Me and grand plans don't like each other.  I wing things.  And yes, I know the decisions will ultimately be mine, it's just that I'd like to get other people's opinions and ideas.  There are a lot of smart people around here who will come up with ideas that I never would've thought of.




panzergulo said:


> I have nothing to input, exactly, because I want to know what this site's function will be, actually. Remembering the end of the previous thread discussing about this, this site of yours might not be of interest to me in the first place. So, I would like to ask: What is your goal with this site? And: Am I allowed to join?
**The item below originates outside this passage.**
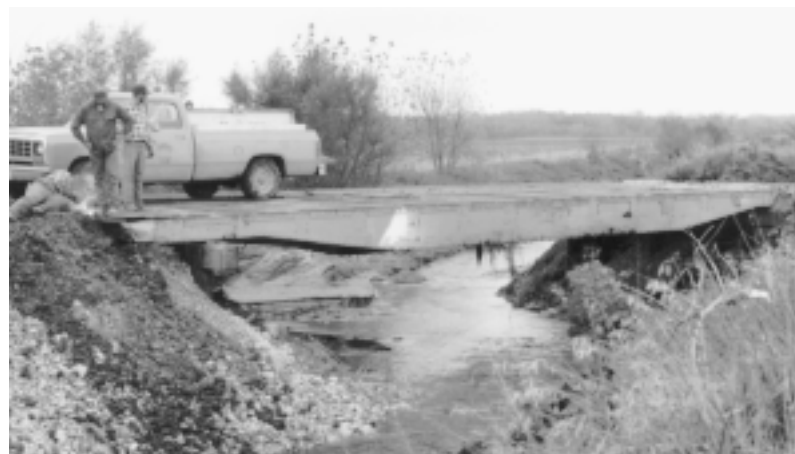
Construction of the Tama County RRFC bridge.

Depending on the answers, I might have some ideas...




Well, here's the mission statement I've come up with so far.  I pretty much explained the rest of my idea in my first response to Renard.

http://www.furrywritersguild.com/home/who-we-are

As for who will be members, I'm still not settled on how to handle that.  I fear that allowing anyone to join will ruin the purpose of focusing on quality writing and getting together passionate, committed people looking to help, support, and elevate anthropomorphic writing.  So there will be criteria set for joining, but I'm not sure how I want to word it yet.  But basically, anyone will be able to access the site, it is just going to have some focus toward members, is all.  So if you feel like giving ideas, that's fine.  If not, I'll understand.




Hauke said:


> Links about what cons accept submissions to con books (as well as deadlines and where to send submissions); stuff about writing prompts and contests would be nice too.




Those are all good ideas, especially the conbook submissions.  Thank you for mentioning it.  




atrakaj said:


> Commissioning information and such.
> 
> Also, maybe we should have a 'short story of the week' kind of thing.




Not sure what you mean by "commissioning information".  That's kind of a broad statement.

The short story of the week is a good idea, though I might choose to do it monthly and put it in with the featured author idea.  Thanks.


----------



## Atrak (Apr 27, 2010)

duroc said:


> Not sure what you mean by "commissioning information".  That's kind of a broad statement.
> 
> The short story of the week is a good idea, though I might choose to do it monthly and put it in with the featured author idea.  Thanks.



Well, in addition to having their commission prices (per 250 words or however), it would also have their terms. If you absolutely won't do one type of writing, or if you want almost complete freedom...

That kind of thing.

You should read panzer's latest short story, if you haven't already. It has to do with this.


----------



## GraemeLion (Apr 27, 2010)

As I said, I would like market information for the fandom.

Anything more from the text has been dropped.